***** Provided data

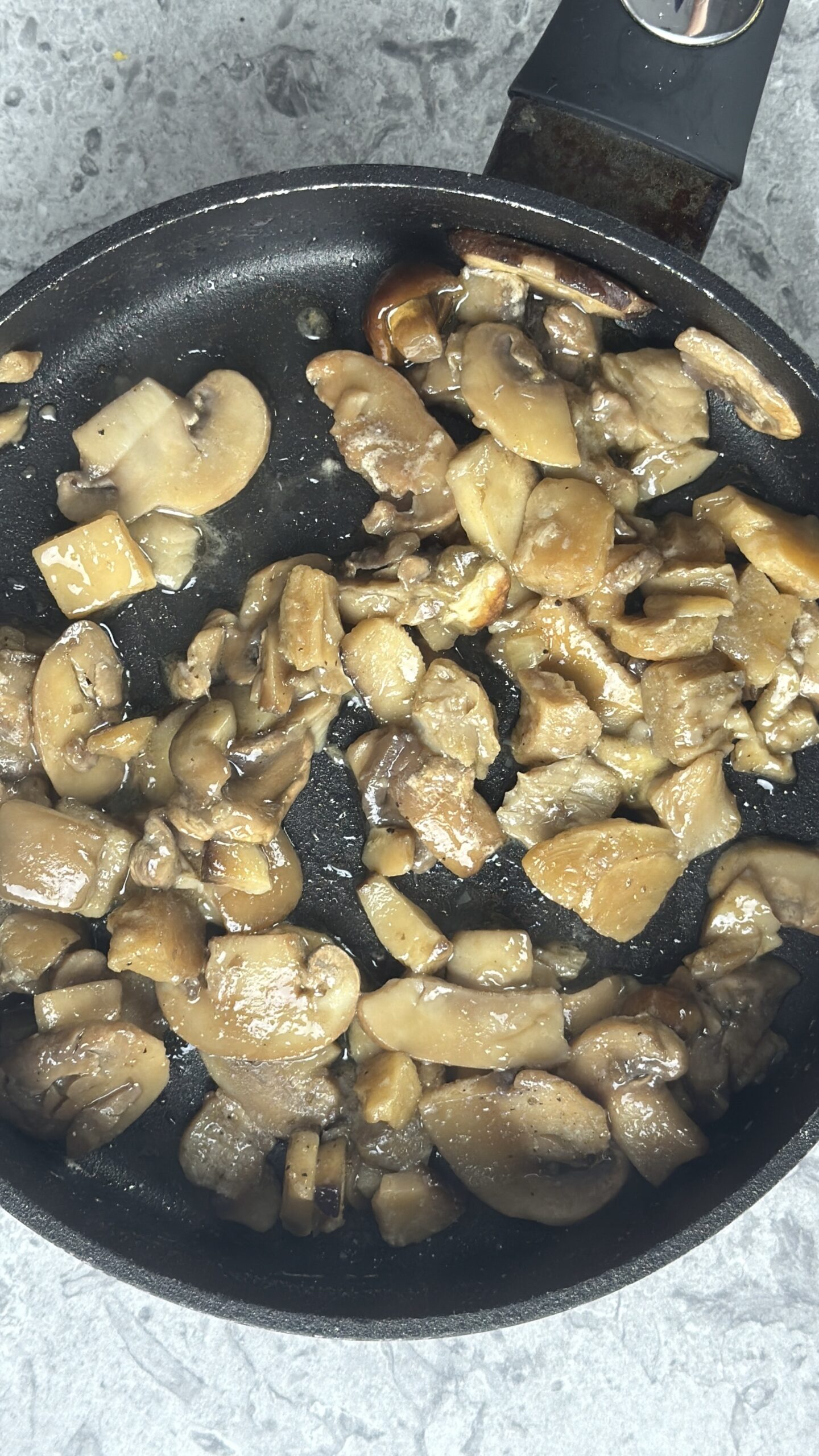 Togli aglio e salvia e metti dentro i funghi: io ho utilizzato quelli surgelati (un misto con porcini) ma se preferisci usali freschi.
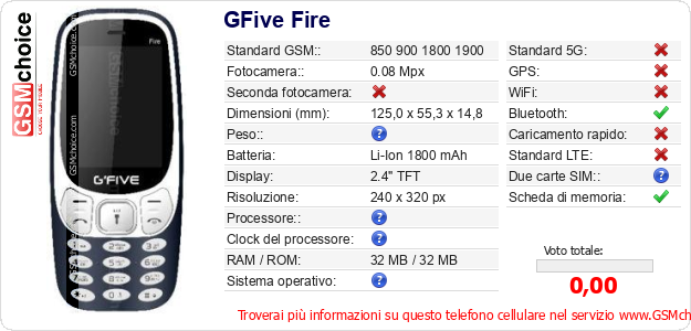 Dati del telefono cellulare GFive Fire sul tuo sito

**********
***** Provided data

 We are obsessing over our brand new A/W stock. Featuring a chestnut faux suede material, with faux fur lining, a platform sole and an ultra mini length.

**********

> [Problem to work on]: Although the records above contain pictures, the copy must not; set down exactly the lines from the one with "Togli aglio e" up to and including the one with "Dati del telefono".

> [Output of the exercise]:
 Togli aglio e salvia e metti dentro i funghi: io ho utilizzato quelli surgelati (un misto con porcini) ma se preferisci usali freschi.
 Dati del telefono cellulare GFive Fire sul tuo sito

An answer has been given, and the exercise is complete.